During the period which immediately followed the Restoration, that struggle continued to be one between two old parties. In 1688 the triumph remained with the Liberals, and it was not unnatural that the methods and instruments by which it had been accomplished should be formulated, and regarded as the only possible conditions of Liberal life, and thus Whiggism became a sort of creed. But the hardening of creeds is the death of religions, and the life of Liberalism had to find for itself some new form. The idea of popular rights could not be permanently embodied in a group of noble houses, nor in a definite parliamentary system of limited constituencies. To some extent to a great extent indeed-this spirit infused itself, in the course of time, in nearly all sections of the Liberal party; but it was forced upon the attention of the old Whigs by the left wing of the party, and there were always some of the acknowledged leaders by whom it was not accepted. It must be borne in mind that this new spirit affected not only the methods of government-the legislative machinery-but also the objects to be aimed at, the legislation to be achieved. The two things, indeed, are inseparably connected. Freedom and selfgovernment are essential elements in the happiness and nobility of a people, and the supposed interests of the governing class-be that class large or small-will affect the character of its legislation.

If, then, there is any reality or any usefulness in the existence of a Radical party, it will employ its energies in two directions in the endeavour to extend political rights and

duties; and in the effort to promote, as far as law can fairly do so, the diffusion amongst the whole people of the real blessings of civilization, material, intellectual, and moral. A considerable part of such a programme would be the common property of all Liberals; but if we find in one section of them an increasing recognition of the necessity of consciously devoting the powers of government to the service of the Democracy, we may profitably trace the growth and development of that section into the separate entity which we call the Radical party. We must, however, limit this inquiry to the presence and operation of the party in Parliament. It is only in the legislature that direct and immediate influence can be exercised over the principles and policy of the government. Until it can find expression there, no cause and no party can be said to be within the range of practical politics. Any change forced upon the nation by powers extraneous to Parliament would, if possible at all, be revolution, and not reform. None such has taken place within the period covered by our inquiry. What has often occurred is, that certain questions have been debated and agitated for by people outside before they have found organized support inside Parliament. But the history of the formation and discussion of social and political ideas in the community at large, would be at once too extensive and too indefinite for our present purpose, which is to ascertain not how ideas originate, but how certain classes of them obtain expression in policy and law. The former object would be the work of the science of sociology; the latter may furnish a manageable chapter in political history. So far as it is really effective, it will deal with the same natural laws of growth and evolution, but it will only attempt to observe them as they are manifested within specific limits of time, place, and circumstance.

If this theory of the development of the party is sound, we must not expect to be able to fix any precise and definite date for its birth. We may, however, trace, either in the ranks of the Liberals in Parliament or among the people outside, the action of causes which would lead to new combinations.

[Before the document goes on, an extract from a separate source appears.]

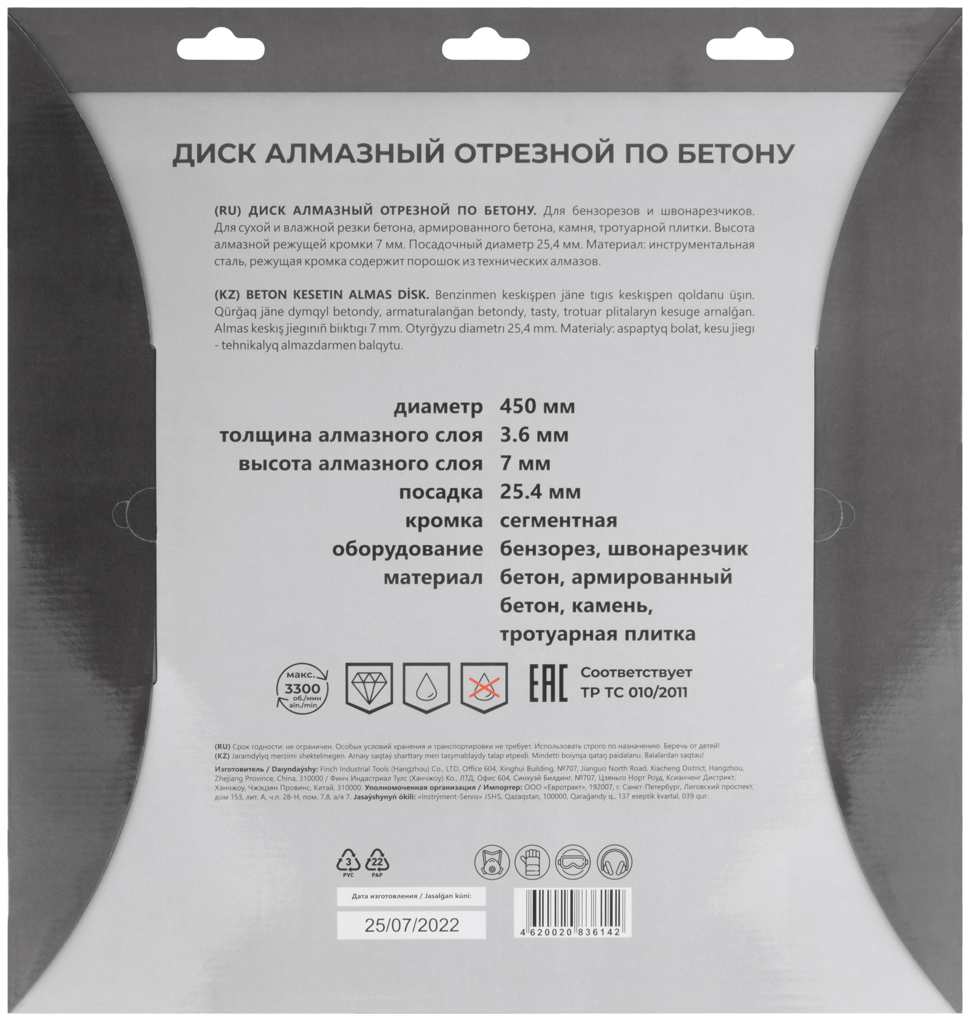 Изготовленный из инструментальной стали, диск имеет режущую кромку с порошком из технических алмазов, что обеспечивает долговечность и высокую производительность. Высота алмазной кромки составляет 7 мм, а посадочный диаметр — 25,4 мм, что делает его универсальным для большинства инструментов.

We may also watch the introduction of ideas and principles. likely to attract one section of the Whigs and repel another, or calculated to attract the attention and incite the interest of persons and classes who had hitherto held aloof from political work. When any special excitement is produced on great questions this tendency to definite organization may be suddenly awakened into active life, as when water is upon the point of freezing, a touch or a breath will expedite the process and seem to serve as the immediate cause of crystallization. Such circumstances did arise in England in the latter half of the eighteenth century, and they were sufficiently marked to form a political era.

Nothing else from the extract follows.